Additionally, it has been flagged that certain operational behaviours we typically assume to be guaranteed are not perfectly lossless. For example, sidekiq jobs are typically used to update data states on certain events. (Such as updating the archived/traversal_id values on vulnerability_reads and sbom_occurrences when a project is moved). Production incidents can result in jobs being lost. If this were to occur, these records could become stuck in an incorrect state.
Examples
-
severity1 priority1 Some projects with vulnerabilities don't have their
has_vulnerabilitiesflag set to true - 96 dependency list records that should have been deleted are orphaned in the database.

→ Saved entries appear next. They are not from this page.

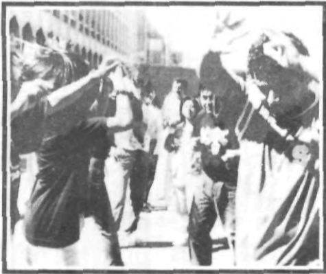
¡A mí que me registren!
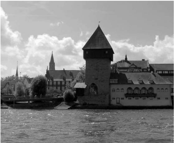
Konstanz, Rheintorturm

Vor 600 Jahren, 1414 bis 1418, sind über 70.000 Menschen zum Konzil von Konstanz an den Bodensee gekommen. In der Kirchenversammlung sollte die Spaltung der Kirche überwunden und ihre Erneuerung „an Haupt und Gliedern“ in Gang gesetzt werden. Die Lehren von John Wycliff und Jan Hus wurden als Ketzertum verurteilt, letzterer in Konstanz trotz Zusicherung des kaiserlichen Geleites verbrannt. In diesen Jahren war die Stadt auch Zentrum der europäischen Politik und Begegnungsstätte der europäischen Kulturen. Herausragende Exponate, aus ganz Europa zur Verfügung gestellt, werden in einer großen Ausstellung des Landes Baden-Württemberg am Original-
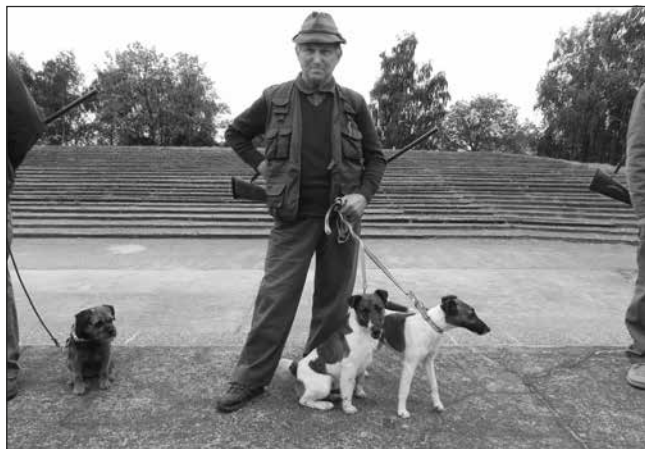
Riadne ustrojený vodič so svojimi zverencami
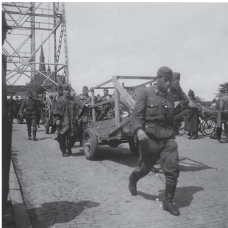
Duitse krijgsgevangenen op weg naar Den Helder gaan over de hefbrug van Boskoop.

bij het Alblascomplex aan de Zuidkade. De nog aanwezige Duitse militairen in Waddinxveen zijn toen, samen met die uit Alphen aan den Rijn en Gouda, afgevoerd naar het door R22R beheerde krijgsgevangenkamp.
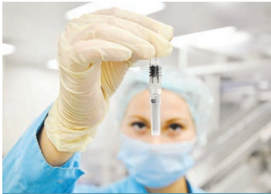
Своевременная вакцинация позволяет минимизировать риски заболевания гриппом
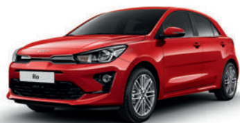
Signal Red [BEG]
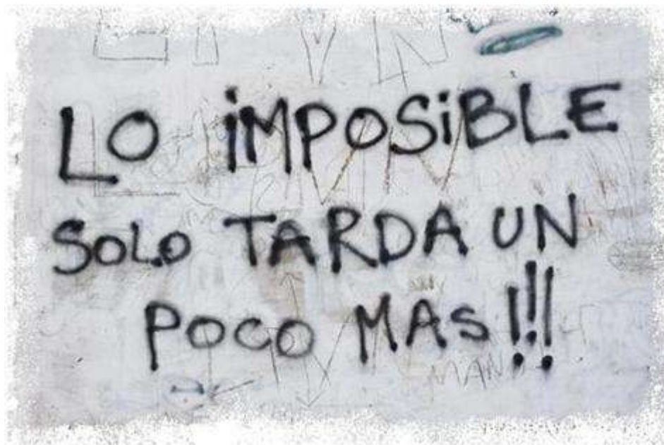
Photo 8 : « L'impossible tarde seulement un peu plus !!! », graffiti quelque part en Amérique dite latine... ( http://blog.panamajack.es/es/2011/11/07/the-impossible-just-takes-a-little-longer/ )

« Aysén Réserve de Vie » n'est sans doute pas une nouvelle utopie en Patagonie. Elle n'est pas celle d'un retour à l'état sauvage, ni celle d'une mise en réserve, ni encore véritablement la terre fertile d'une « nouvelle économie » pour philanthropes verts. Elle est seulement, mais c'est déjà beaucoup, un certain état d'esprit.
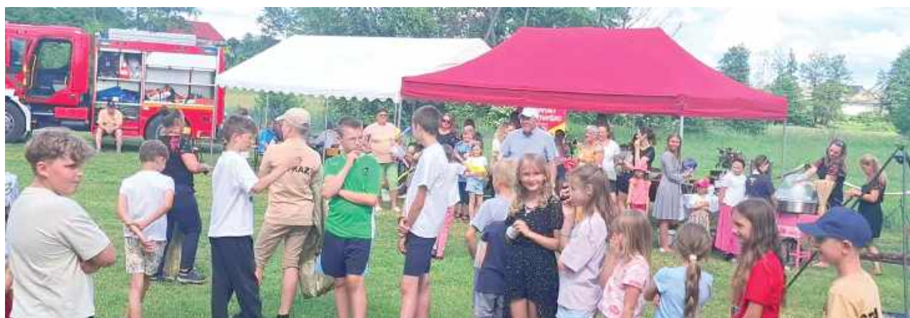
Mieszkańcy Charlejowa i okolic wspólnie bawili się podczas festynu integracyjnego
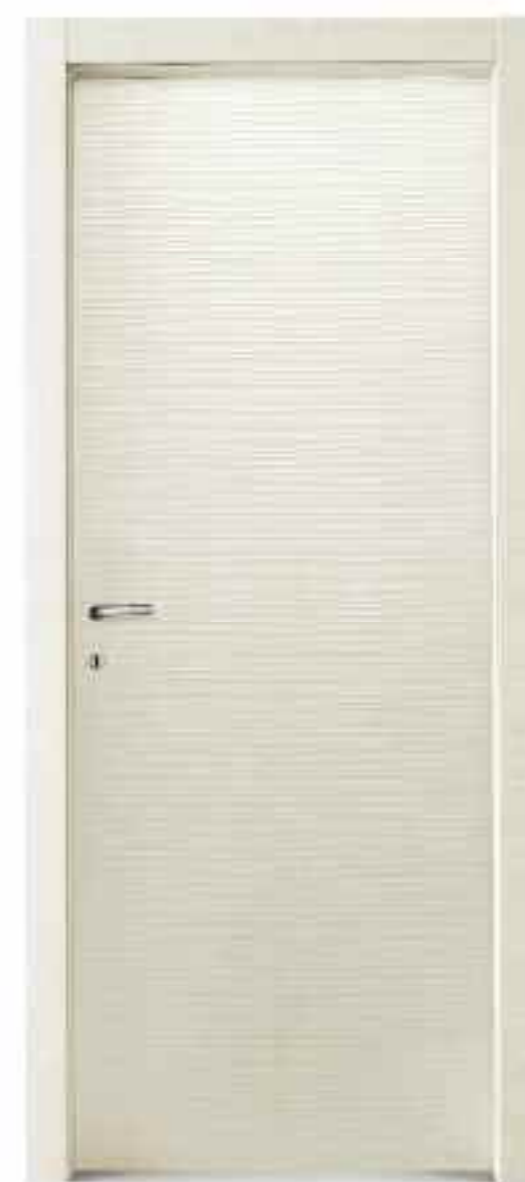
LINO ONDA Flax wave - Льяной волнистый - Lin vague
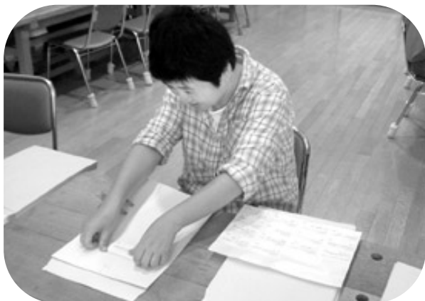
封筒に宛名を貼る作業。真っすぐ貼れるように枠を作り、枠に沿ってシールを貼っています。
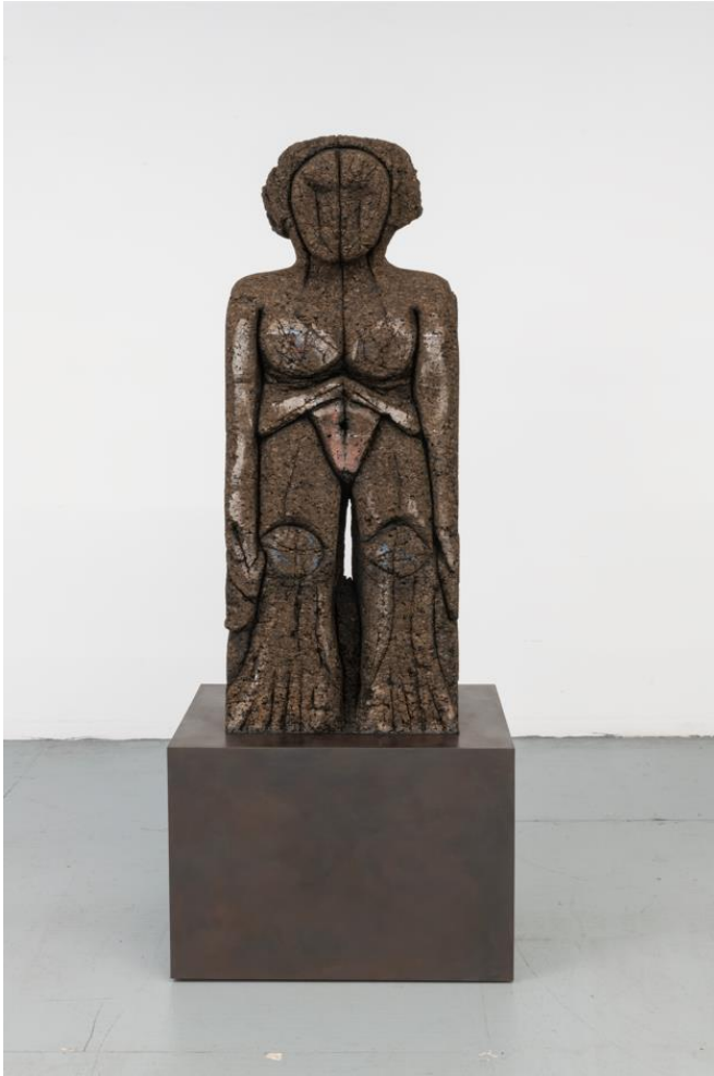
'The Ambitious One', Huma Bhabha, 2021, private collection.
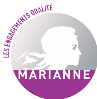
Figure 6 Logotype de la charte Marianne.

Réforme de l'État a amorcé de houleux échanges avec le SIG. Le visage blanc de Marianne avait été extrait du signe étatique et allait être affiché sous une forme recomposée dans les guichets des services publics (figure 6). Le SIG s'y opposa, en vain. Les responsables de la charte Marianne argumentèrent qu'il ne s'agissait ni d'un détournement ni d'un vol du signe étatique, mais encore et toujours de marquer la présence de l'État-gouvernement. À la différence près que l'État-gouvernement n'était pas l'auteur authentifié d'un document administratif — le signe diffère explicitement —, mais l'instance de contrôle et de validation de la qualité de l'activité administrative. La logique du sceau de l'État (entendu au sens constitutionnel du gouvernement) était selon eux pleinement conservée et le Premier ministre demanda au SIG de céder. On trouve cette même logique d'apposition d'un sceau de l'État (sans le recours à Marianne) dans d'autres domaines des politiques publiques, dont celui de la construction où l'État affirme sa présence sur le marché par l'apposition d'emblèmes et de signaux marchands que sont les labels de qualité (Mallard, 2021).

- Some sec-decomposition efforts require splitting of updates from single database transactions. While unlikely, this could theoretically allow for a desync between tracking characteristics in the main database and the actual records in the sec database.
Proposal
I propose that we implement a DataConsistency worker on a cron schedule to assert that certain assumptions about our data state are being appropriately maintained according to our intentions.
This worker should run on a semi-frequent, deprioritized basis and do a low cost scan across the data domain and check that certain pieces of business logic are being adhered to. If discrepancies are detected, it should ideally be able to fix them, and notify us of them. That way if it's an intermittent issue (such as a production incident) it will solve the problem for us, but if it's continually happening then we'll be proactively made aware of the problem.